§ What to work on:
Once the pictures are set aside, transcribe each line of the data exactly.

##### Input data #####

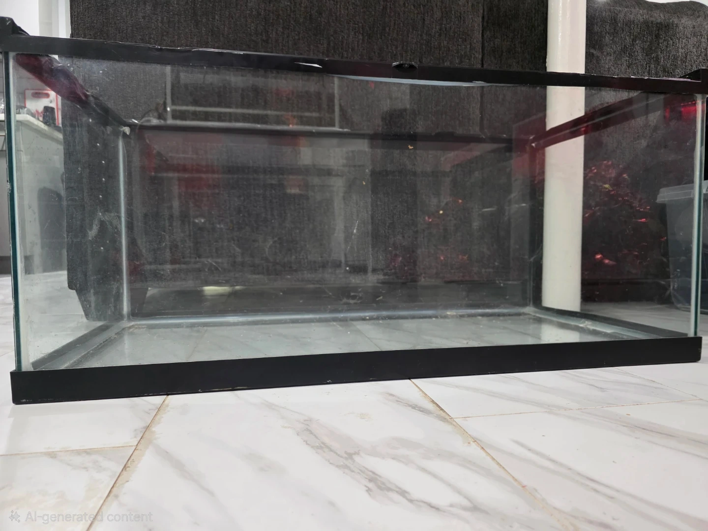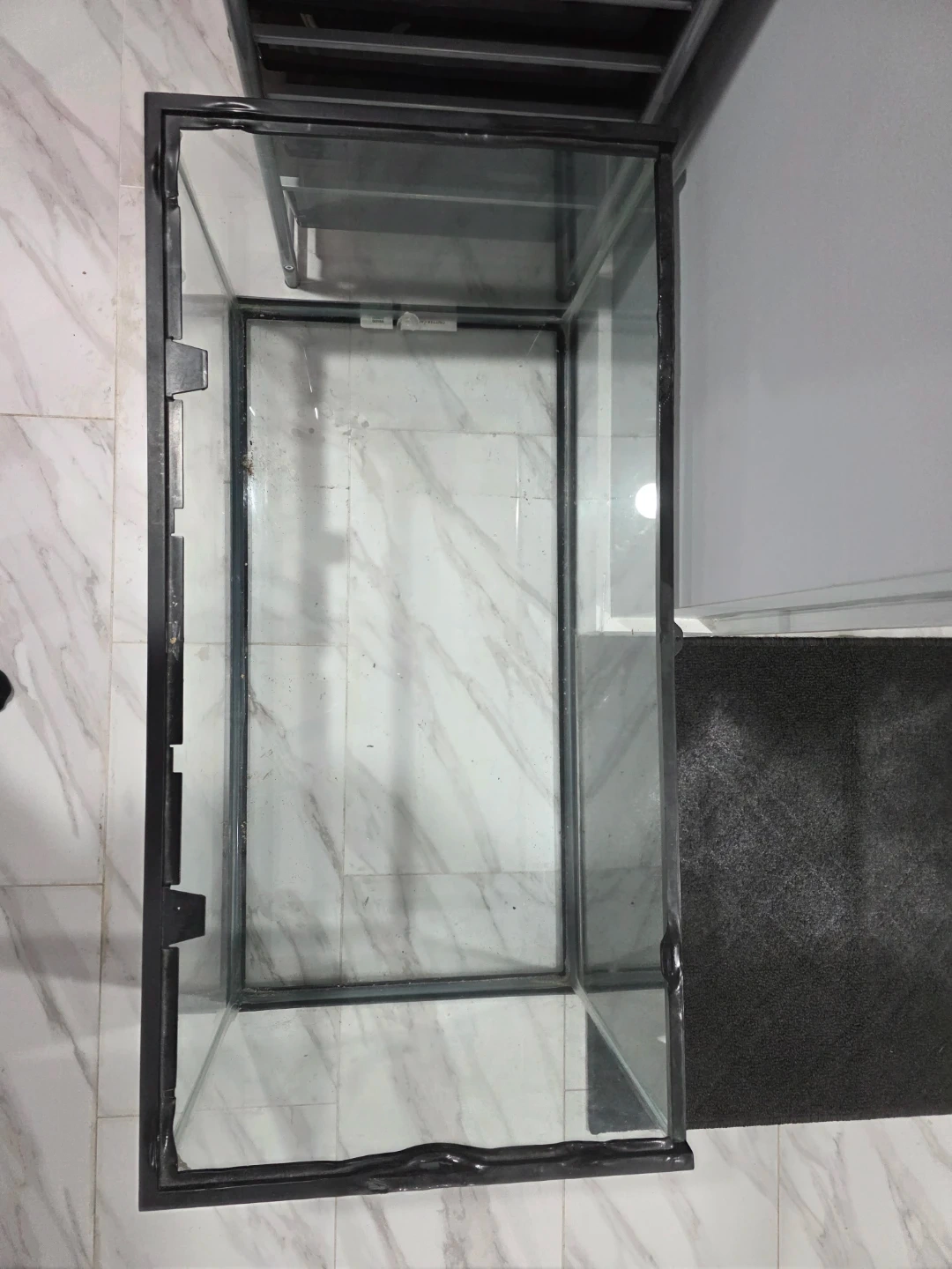 This is a used glass terrarium or aquarium tank. It's constructed from durable glass with a black frame. Dimensions are approximately 30 inches long, 12 inches wide, and 12 inches tall. This tank is suitable for reptiles, amphibians, or small aquatic pets.
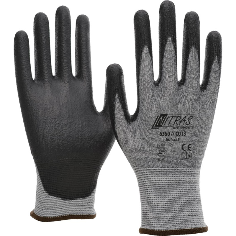 NITRAS CUT3, cut protection gloves, special yarn, grey, PU coating, black (colour code: 1210), partly coated on palm and fingertips, knitted wrist, high cut resistance, highest wearing comfort
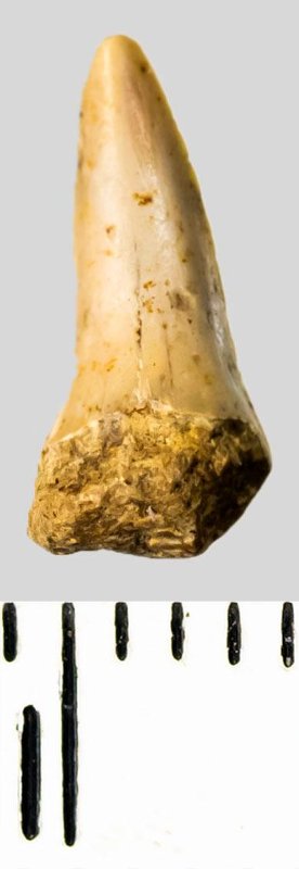 Зуб (фрагмент). Акула. Striatolamia macrota (Agassiz, 1843)
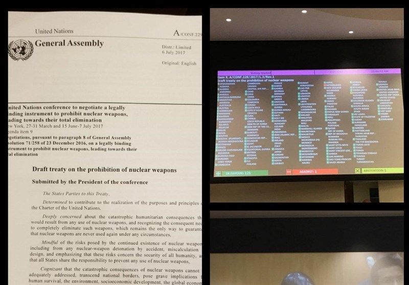 به گزارش گروه بین الملل خبرگزاری تسنیم، پیشنویس اولین معاهده منع تسلیحات هستهای با 122 رای موافق، یک رای مخالف و یک رای ممتنع تصویب شد.

#####

§ The completed task:
 This is a used glass terrarium or aquarium tank. It's constructed from durable glass with a black frame. Dimensions are approximately 30 inches long, 12 inches wide, and 12 inches tall. This tank is suitable for reptiles, amphibians, or small aquatic pets.
 NITRAS CUT3, cut protection gloves, special yarn, grey, PU coating, black (colour code: 1210), partly coated on palm and fingertips, knitted wrist, high cut resistance, highest wearing comfort
 Зуб (фрагмент). Акула. Striatolamia macrota (Agassiz, 1843)
 به گزارش گروه بین الملل خبرگزاری تسنیم، پیشنویس اولین معاهده منع تسلیحات هستهای با 122 رای موافق، یک رای مخالف و یک رای ممتنع تصویب شد.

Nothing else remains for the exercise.